Chances are the photo shoot for this ad has been on this woman's calendar for a while. And for the past few months she's been hitting the gym, maybe even twice a day. She's probably cut all carbs from her diet and is subsisting on steamed broccoli and chicken. She's been focused because she knows her body is going to be in front of a camera and she wants it to look good. She's getting paid for it to look good. And there's nothing wrong with that. You can earn a living doing that (or supplement a teacher's salary).
But her image next to the phrase "Goodbye size 14, Hello size 8" is misleading. She is most likely NOT a size eight. Maybe a two or a four, but not an eight. And she doesn't take a pill to get where she is, she works hard, she's meticulous about her diet. Which is fine. But the whole ad implies that if you take the product you'll get the results pictured. Not true.
So how does this make the viewer feel? What if you're thinking: "Hey! Wait I'm a size eight and I don't look like that!" Or what if you're thinking: "Gosh I wish I had her abs. If only I hadn't eaten that brownie." Or maybe your thinking: "I bet she has no kids, that's why she looks like that." Or: "If she has kids she must not be a very good mom because she must spend all her time in the gym to look like that." Or maybe its: "This ad is misleading, someone should do something."

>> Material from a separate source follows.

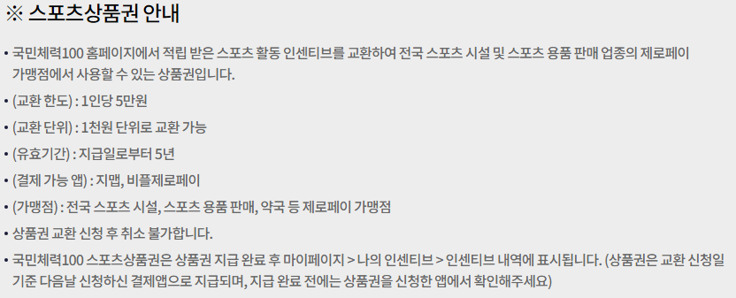 국민체력100 인센티브, 상품권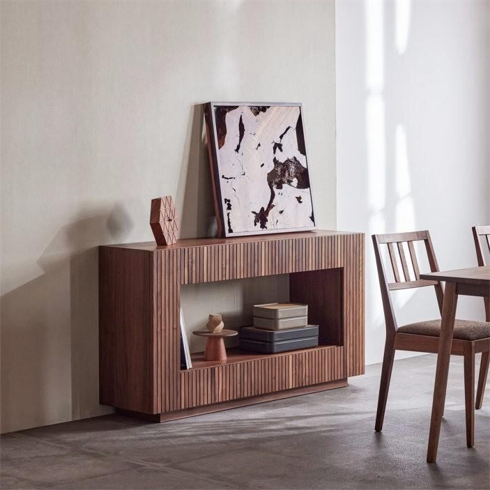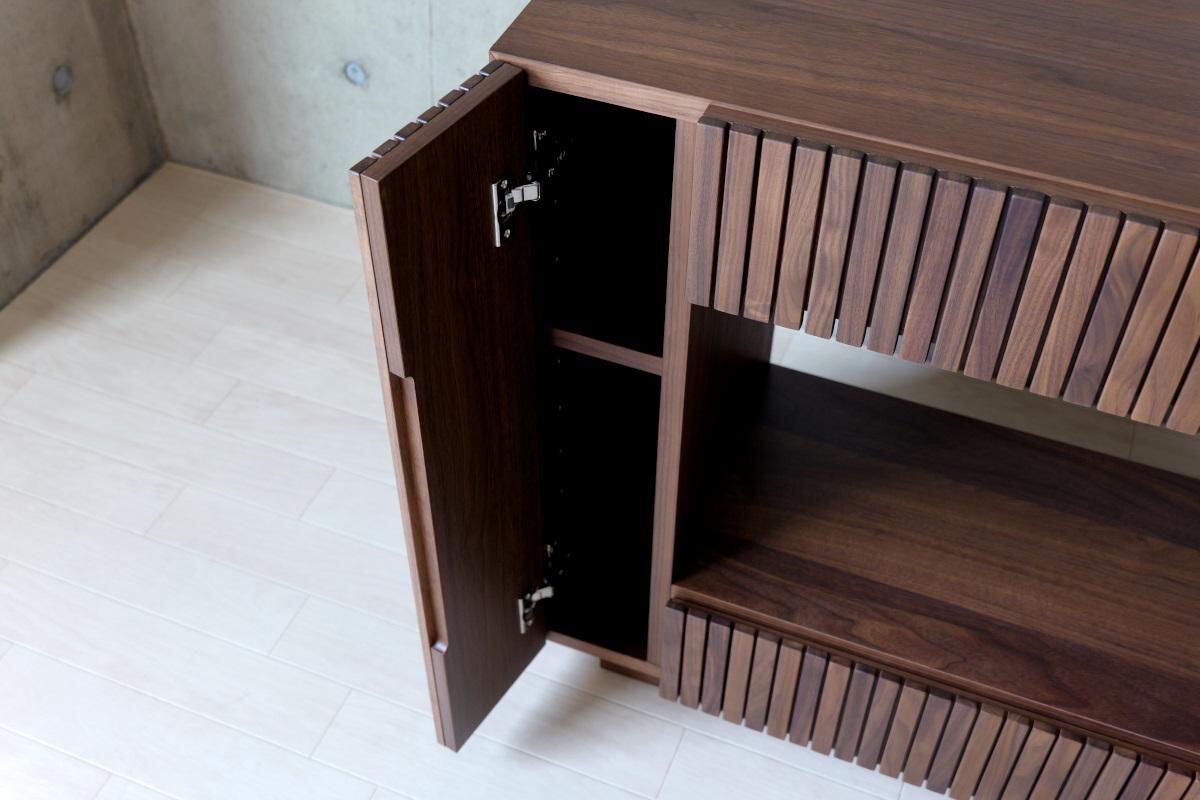 サイドボード 幅140 北欧 おしゃれ 無垢材 ウォールナット キャビネット 収納 棚 格子 引き出し オープンラック リビングボード 玄関 リビング 収納家具 高級感

Someone should do something and that someone is you.
For years people have lobbied the ad industry to change the way they depict women in advertising. But it hasn't really changed: women are often objectified and ads are often misleading, showing "unrealistic" figures. And it is not going to change. In fact it is getting worse. All you have to do is browse Pinterest to find all kinds of pinable images that mimic the very ads women are lobbying against. The thing is that advertisers aren't the ones making them, we are.
To blame the ad industry or ban yourself from Pinterest or Instagram isn't the answer. Because that makes you the victim. It takes the responsibility out of your hands and puts it somewhere else, where it doesn't belong. The truth is that the responsibility rests solely on you. It is your mind. You have the power to take every thought captive.
Take every thought captive. Wrestle and wrangle the negative thoughts. Identify them as unhelpful and replace them with truth.
We spend so much time comparing and criticizing: "I bet she has no kids, that's why she looks like that. If I didn't have kids to chase after then maybe I'd have the time to have a six pack." It's a sign of insecurity. And I'm the first to get into that line. Insecure. It is the shadow that's haunted me most of my life. Insecurity leads to comparison.
I love the way Dr. Brene Brown puts it in her book Daring Greatly:
"We rarely engage in self-righteous judgement when we feel confident about our decisions: I'm not going to practically knock myself unconscious with a shaming eye roll about your nonorganic milk if I feel good about what I'm feeding my children. But if doubt lurks beneath my choices, that self-righteous critic will spring to life…to confirm that, at the very least, I'm better than you."
I used to compare for two reasons: to disparage myself, rip myself apart and goad myself to do better or I'd compare myself to others to build myself up by taking them down a notch.
I've gotten better at silencing that self-shaming critic, the one that would have looked at this ad and heaped guilt upon my head for whatever thing I'd eaten that I wasn't "supposed" to. That voice is dead. Now I battle the critic that puts other people down; the thoughts that make me "the most right" or at least righter than her: "At least I'm not striving to look like that anymore. It must kill her to have to keep that up." And that thought is just as damaging as the self critic because it boosts my confidence at HER expense. What kind of confidence is that? A quick fix for the insecurity I feel, certainly not a lasting, life changing confidence. THAT kind can only come with believing the truth and living with grace that lets other people be who they are.
The next time you find yourself beginning to compare and criticize, do yourself a favor. Take that thought captive. Wrestle it. Wrangle it down. Identify it as unhelpful and replace it with truth. And if something truthful and positive escapes you, you can at least think: "I hope that woman has a nice day."...even if the woman is the one staring back at you in the mirror.
How do you deal with your inner critic? What was your first thought viewing this ad?